Bob Jones University a strictly religious and private, for-profit, non-denominational “Protestant” university in Greenville, South Carolina is in the news this week for suspending college senior Christopher Peterman for watching the television program GLEE off campus.
“I was sending my graduation announcements that day. I had them all ready to be put in mail,” said Peterman. “I had no idea that this was going to happen. They said that the nature of show (GLEE) was so morally wrong. They ended up giving me 50 demerits.”
Peterman said he had to pack up his dorm room and find housing with someone off campus because he was not allowed back on campus.
Bob Jones students are allowed 150 demerits before being suspended from school and Peterman became a blip on Bob Jones radar (and hit list) in Novemeber of 2011 when he stated a group called “Do Right BJU”.

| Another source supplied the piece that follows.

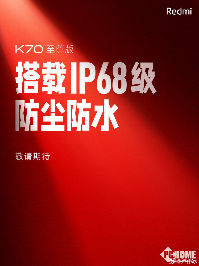 据卢伟冰透露,Redmi K70至尊版提供了IP68防尘防水等级,王腾也透露,Redmi K70至尊版的升级非常大,成本压力很大。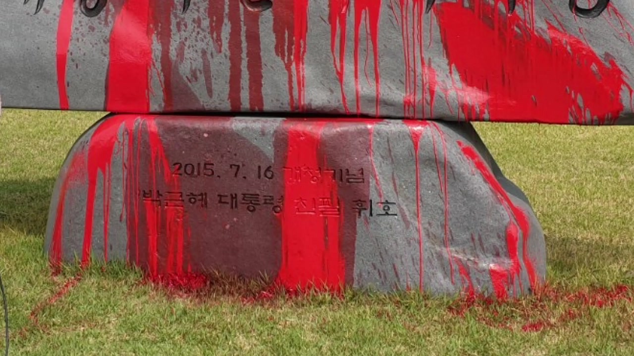 어제 오전 10시쯤 자신을 20대 세종시민이라고 밝힌 남성이 박근혜 전 대통령이 쓴 글씨로 새긴 세종시청 표지석에 붉은 페인트를 뿌렸습니다.

After that the University forced Peterman to start attending counseling with the dean of men after Christmas break. He was required to read entire books of the Bible every day and write out devotions.
Bob Jones students are allowed 150 demerits before being suspended from school. He said the demerits started small for things like not shaving, returning to his dorm late, Facebook violations and forgetting to make his bed.

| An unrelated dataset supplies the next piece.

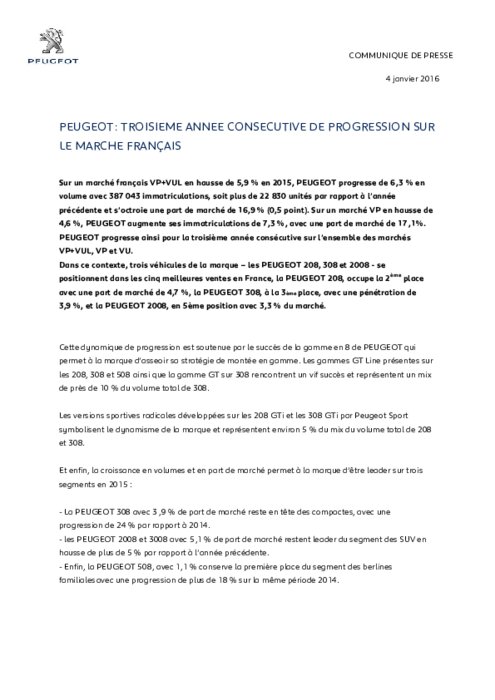 Sur un marché français VP+VUL en hausse de 5,9 % en 2015, PEUGEOT progresse de 6,3 % en volume avec 387 043 immatriculations, soit plus de 22 830 unités par rapport à l’année précédente et s’octroie une part de marché de 16,9 % (0,5 point). Sur un marché VP en hausse de 4,6 %, PEUGEOT augmente ses immatriculations de 7,3 %, avec une part de marché de 17 ,1%. PEUGEOT progresse ainsi pour la troisième année consécutive sur l’ensemble des marchés VP+VUL, VP et VU.

Peterman said the infractions got bigger until he topped out at 170 demerits last week. But t claims less than half are legitimate.
According to Peterman acquaintance Lara McClintok:
(We) were concerned that he would be targeted after the protest, and he was. I read the accounts of what was happening to him each week, and it was ugly. The Dean of Men was horribly insulting to him. It was pretty obvious the school was just trying to catch him tripping up so they could get rid of the protester once and for all. If this is how the school treats a loyal student with a legitimate concern (which he was and did have), the school needs to shut its doors. When GLEE is considered a bigger sin than having a board member who knowingly covered up a rape, it’s time to quit calling the school Christian.

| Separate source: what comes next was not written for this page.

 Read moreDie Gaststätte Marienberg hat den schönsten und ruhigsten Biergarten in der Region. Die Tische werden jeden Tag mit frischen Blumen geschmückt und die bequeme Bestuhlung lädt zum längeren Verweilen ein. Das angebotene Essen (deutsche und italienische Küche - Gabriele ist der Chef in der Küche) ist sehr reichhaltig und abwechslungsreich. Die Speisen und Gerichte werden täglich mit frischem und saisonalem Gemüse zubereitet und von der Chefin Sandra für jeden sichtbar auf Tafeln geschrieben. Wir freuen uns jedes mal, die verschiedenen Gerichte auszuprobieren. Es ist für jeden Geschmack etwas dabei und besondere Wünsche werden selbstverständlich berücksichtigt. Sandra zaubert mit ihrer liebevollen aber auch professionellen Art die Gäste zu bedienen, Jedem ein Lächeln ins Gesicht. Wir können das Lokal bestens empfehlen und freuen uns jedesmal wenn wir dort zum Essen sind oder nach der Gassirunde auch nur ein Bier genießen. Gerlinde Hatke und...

And this is far from the first scandal at the so called “Christian University”
BJU did not enroll black students until 1971, eight years after the University of South Carolina and Clemson University had been integrated by court order. From 1971 to 1975, BJU admitted only married blacks, although the Internal Revenue Service (IRS) had already determined in 1970 that “private schools with racially discriminatory admissions policies” were not entitled to federal tax exemption. BJU fought back saying that University met all other criteria for tax-exempt status and that the school’s racial discrimination was based on sincerely held religious beliefs, that “God intended segregation of the races and that the Scriptures forbid interracial marriage
In 1976, the Internal Revenue Service notified the university that its tax exemption had been revoked and had to pay back taxes retroactively back to 1970 which totaled more than a million dollars.
When BJU did start to admit single black students it instituted an “no interracial dating rule.” which it dropped only 12 years ago in the year 2000 during a visit from then presidential candidate George W. Bush because of the media attention it garnered.